H3K4 mono- and di-methyltransferase MLL4 is required for enhancer activation during cell differentiation

All three reviewers found the work to be substantial and of high quality. There were some differences of opinion concerning novelty. One reviewer noted, “Many of these findings have already been investigated in previous studies. First, both MLL3 and MLL4 have been implicated in adipogenesis in a previous study by Lee et al. 2008 (PNAS). Second, as acknowledged by the authors, it has already been established in several published studies such as the recent studies by Tang et al. 2013 and Wu et al. 2013 that the MLL family including MLL3 and MLL4 are preferentially H3K4me1 and H3K4me2 histone methyltransferases. In addition, this was very recently shown by Shilatifard and colleagues (Mol. Cell. Biol. doi:10.1128/MCB.01181-13.”) These points were discussed in the consultation session, with the conclusion being that the genome-wide findings related to the functional consequences of loss of MLL3/4 on enhancer activity and differentiation are novel and move the field forward significantly beyond the previous correlative findings.

We greatly appreciate the favorable comments but we would like to clarify the findings reported in the literature.

First, while MLL3 has been implicated in adipogenesis, the underlying mechanism was largely unclear (Lee et al., 2008). MLL4 has not been implicated in adipogenesis and neither of MLL3/4 has been implicated in myogenesis. Using adipogenesis and myogenesis as model systems, we demonstrate that MLL3/4 function as H3K4me1/2 methyltransferases on enhancers to control cell-type-specific gene expression and cell differentiation.
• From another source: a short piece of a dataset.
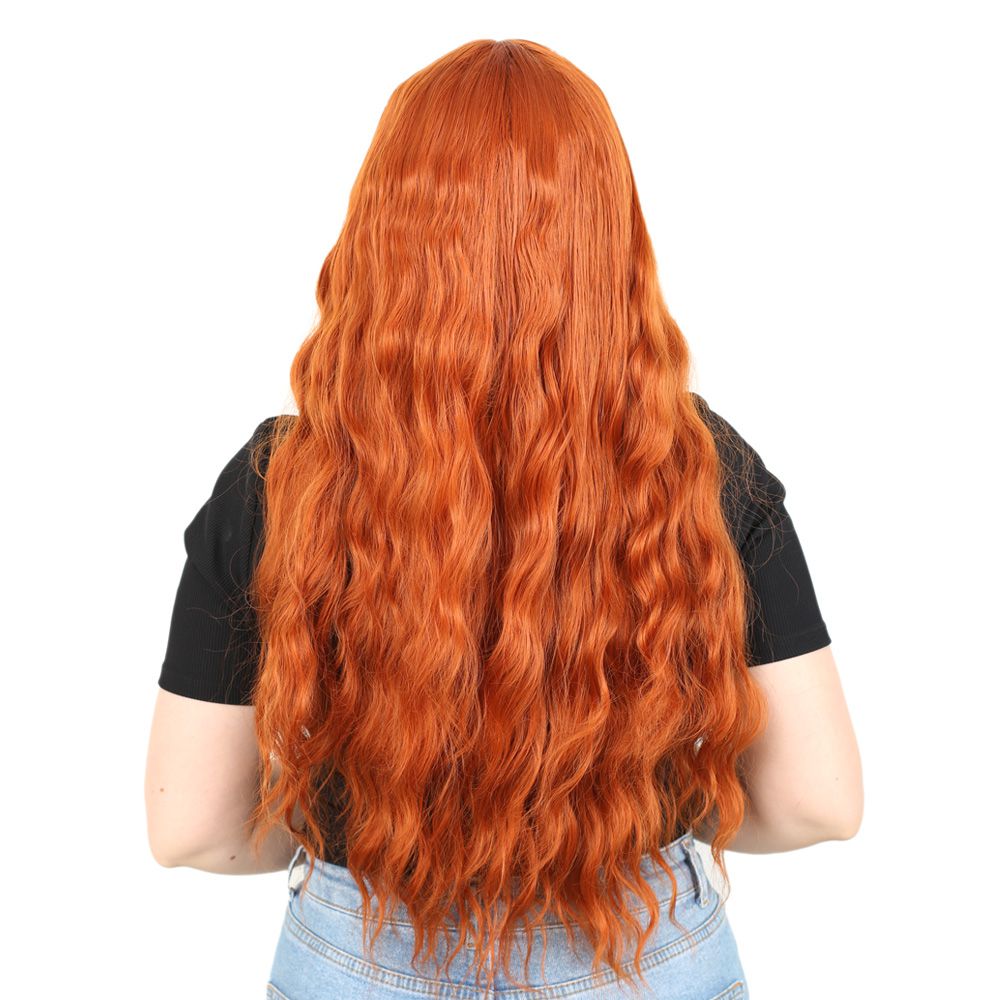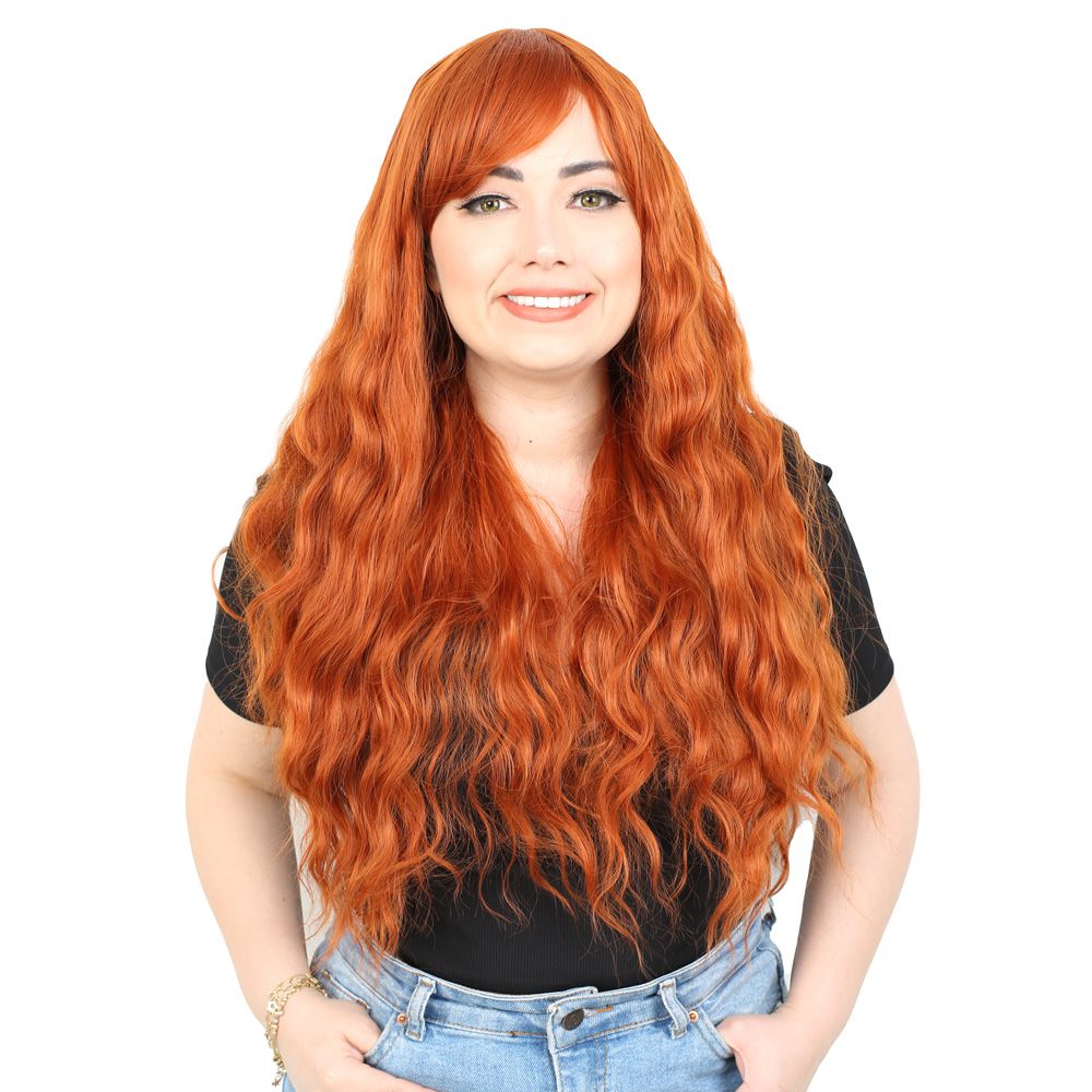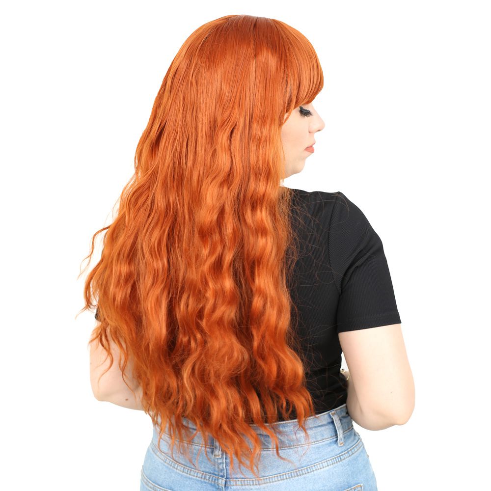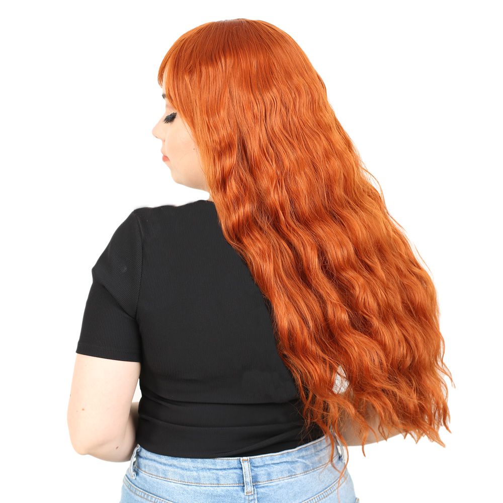 Perçemli Uzun Su Dalgası Fiber Sentetik Peruk- Bakır

Second, while our manuscript was in preparation, Tang et al. and Wu et al. reported that MLL3/4 are preferentially H3K4me1/2 methyltransferases using in vitro HMT assays. Our data confirm their in vitro findings. More importantly, we demonstrate using MLL3/4 KO human and mouse cells that MLL3/4 are major mammalian H3K4me1/2 methyltransferases in vivo.
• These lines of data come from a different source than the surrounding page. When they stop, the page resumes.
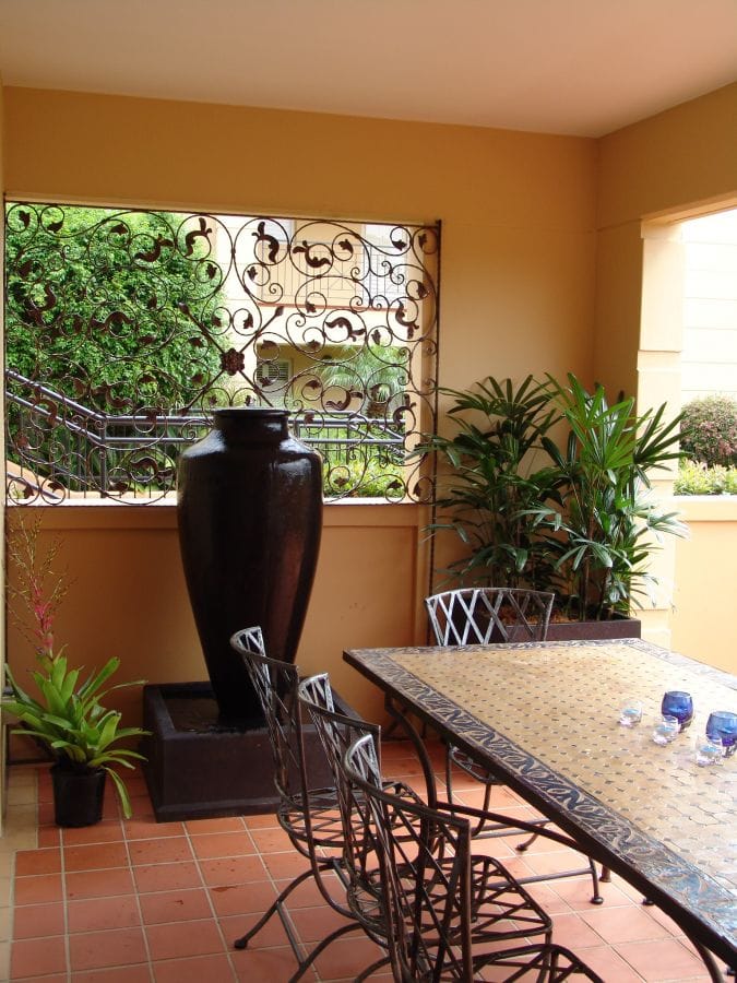 - We chose shade-loving rhapis palms for the pots and the calathea for the planter. These are easy care green life that suits the shady courtyard space making the outdoor area is easy to maintain.
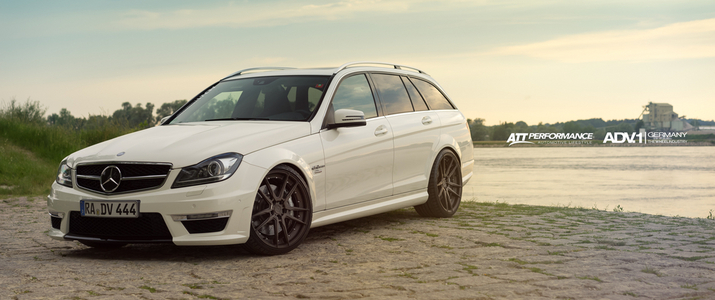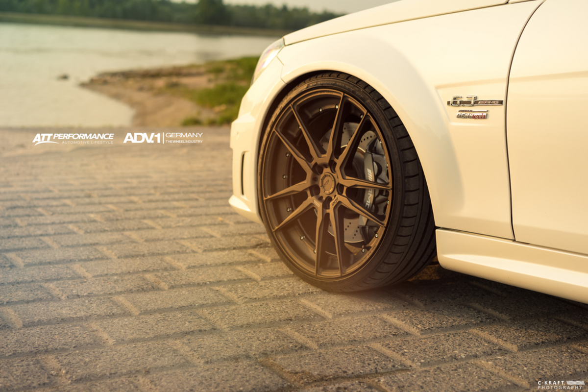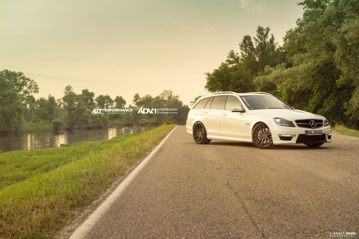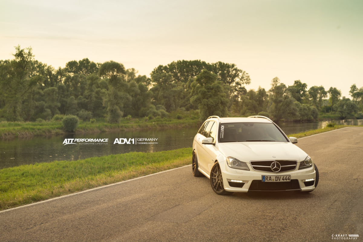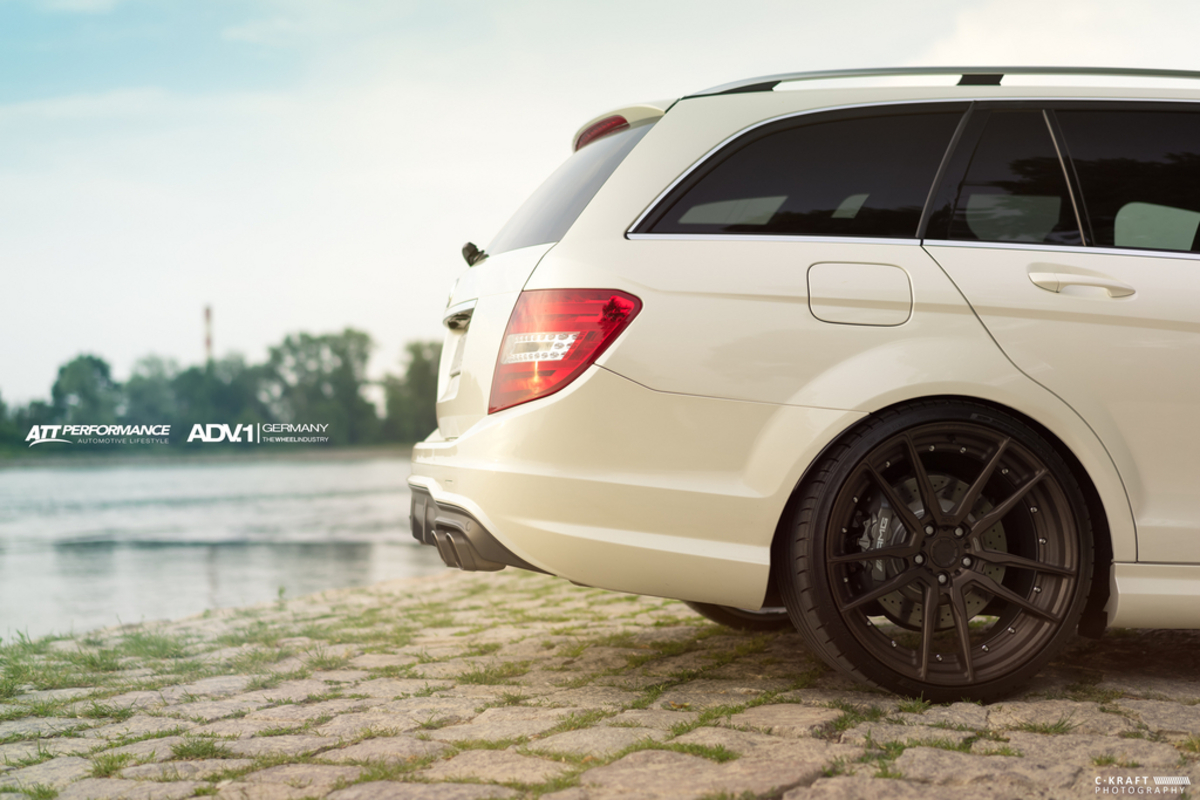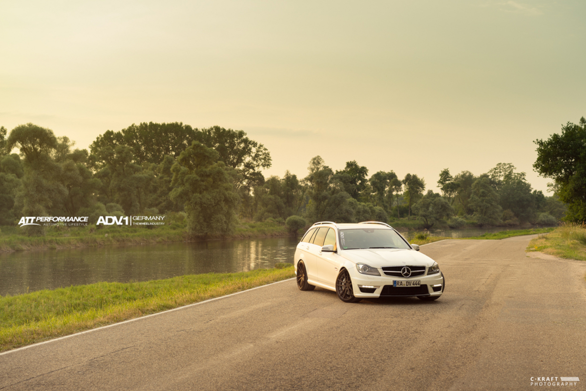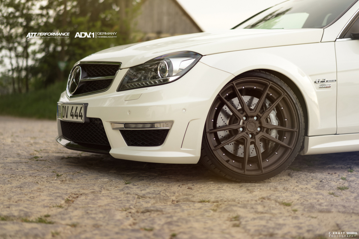Fahrzeugbeschreibung MERCEDES C63 AMG Kombi Sonderumbauten Reifen und Felgen ADV5.2 M.V2 CS in 8,5x20“ und 10x20“ in Fine Texture Bronze | 50/50 Exposed Hardware Abgasanlagen Akrapovic Evolution Line Design & Aerodynamik KW-Gewindefahrwerk DDC
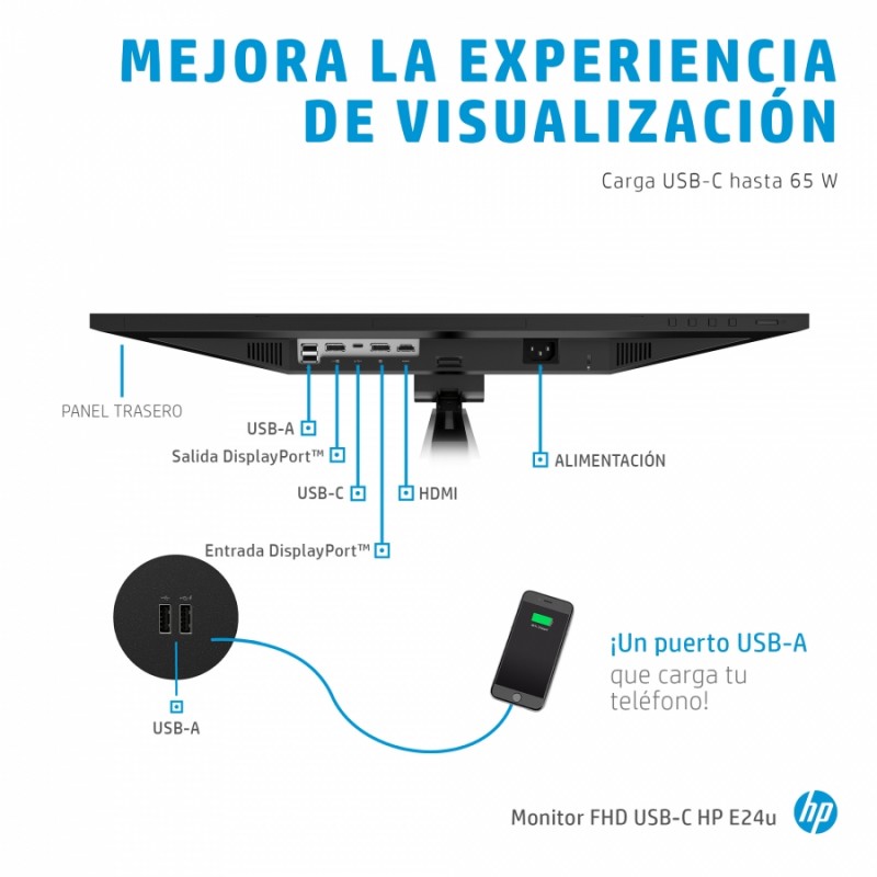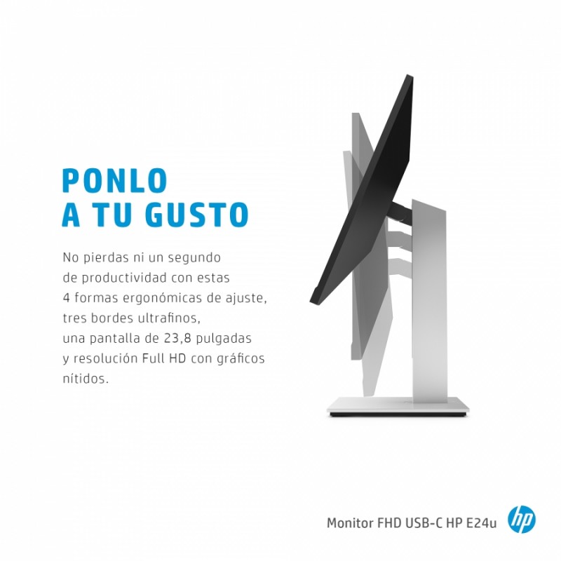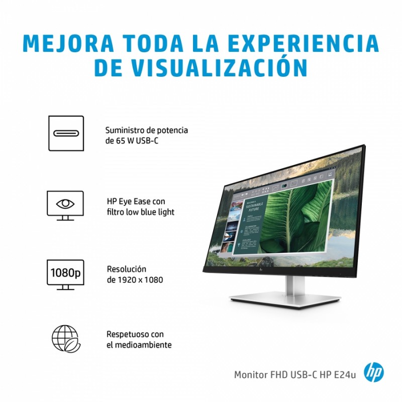 Mejora tu experiencia visual y cuenta con una fuente de alimentación para tu PC Disfruta de una experiencia visual mejorada y saca todo el partido a tu espacio de escritorio cargando tu PC con un solo cable USB-C® directamente desde tu monitor. Trabaja con comodidad durante tu jornada con el monitor HP E24u G4 FHD USB-C, que ofrece una ergonomía optimizada, HP Eye Ease y resolución Full HD. Facilita el trabajo a tu equipo de IT con gestión remota[1].

Third, the Shilatifard lab submitted their manuscript to MCB in early September. We submitted our manuscript to eLife also in early September. Our manuscript not only covers the main findings in the Shilatifard paper, but also shows that MLL4 is required for enhancer activation, cell-type-specific gene expression and differentiation.
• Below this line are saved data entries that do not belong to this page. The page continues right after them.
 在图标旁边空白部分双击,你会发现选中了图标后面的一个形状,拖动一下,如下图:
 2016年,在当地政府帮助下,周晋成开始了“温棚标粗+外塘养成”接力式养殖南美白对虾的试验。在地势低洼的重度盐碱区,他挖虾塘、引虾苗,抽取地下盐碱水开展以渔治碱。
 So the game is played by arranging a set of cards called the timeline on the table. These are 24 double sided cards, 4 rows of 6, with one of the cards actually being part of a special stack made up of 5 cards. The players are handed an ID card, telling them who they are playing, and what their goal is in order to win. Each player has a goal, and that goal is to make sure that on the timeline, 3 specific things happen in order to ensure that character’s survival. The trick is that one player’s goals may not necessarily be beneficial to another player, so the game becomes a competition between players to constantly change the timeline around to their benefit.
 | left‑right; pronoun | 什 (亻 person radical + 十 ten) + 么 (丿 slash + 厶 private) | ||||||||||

1) The three-step model of enhancer activation is not directly supported by the experiments because there is no evaluation of the intermediates in the model. All of the experiments evaluate two states: before and after differentiation. To establish evidence for the stepwise model, a time series is needed following initiation of the differentiation program that allows discrimination of the sequence of transcription factor binding, histone acetylation, H3K4me1/2, MLL4 binding, Pol II binding, etc. These studies could be performed using QT-PCR at informative loci.

We have performed time-course ChIP-qPCR to examine the genomic binding of the pioneer TF C/EBPβ, MLL4, H3K4me1/2, H3K27ac and Pol II on three MLL4+ enhancer regions identified on PPARγ gene locus during the first 48h of adipogenesis of wild type brown preadipocytes (new Figure 8—figure supplement 1). The results indicate sequential bindings of C/EBPβ, MLL4, H3K4me1/2, H3K27ac and Pol II on these enhancers during adipogenesis, thus providing strong evidence to support the model in Figure 8G.

Consistently with our data, Chris Glass and colleagues recently proposed a model in which H3K4me1/2 precedes H3K27ac during enhancer activation (Heinz et al., 2013).

2) More information is required to allow an assessment of data quality. The performance of ChIP-Seq for MLL4 in both WT and KO cells allays concerns as to possible false positives for this particular ChIP. However, the methods do not indicate whether biological replicates were performed for the sequencing based assays, raising questions regarding reproducibility. Since many of the analyses are based on overlaps defined by arbitrary thresholds, experimental variability could significantly affect quantitative aspects of the conclusions. If ChiP-Seq and RNA-Seq assays were only performed as single experiments, some form of independent validation of the key findings is required, e.g., by QT-PCR of a representative set of informative genomic regions/RNAs. In addition, it would be helpful for the authors to provide a summary table for all of the sequencing experiments indicating the number of mapped reads that were used for analysis.

We have confirmed ChIP-Seq data by ChIP-qPCR at MLL4+ enhancers on multiple adipogenesis genes (the new Figure 3–figure supplement 2). We have also confirmed RNA-Seq data by qRT-PCR (the new Figure 2–figure supplement 2).

We list in the new Supplementary File 1A the number of mapped reads in ChIP-Seq and RNA-Seq.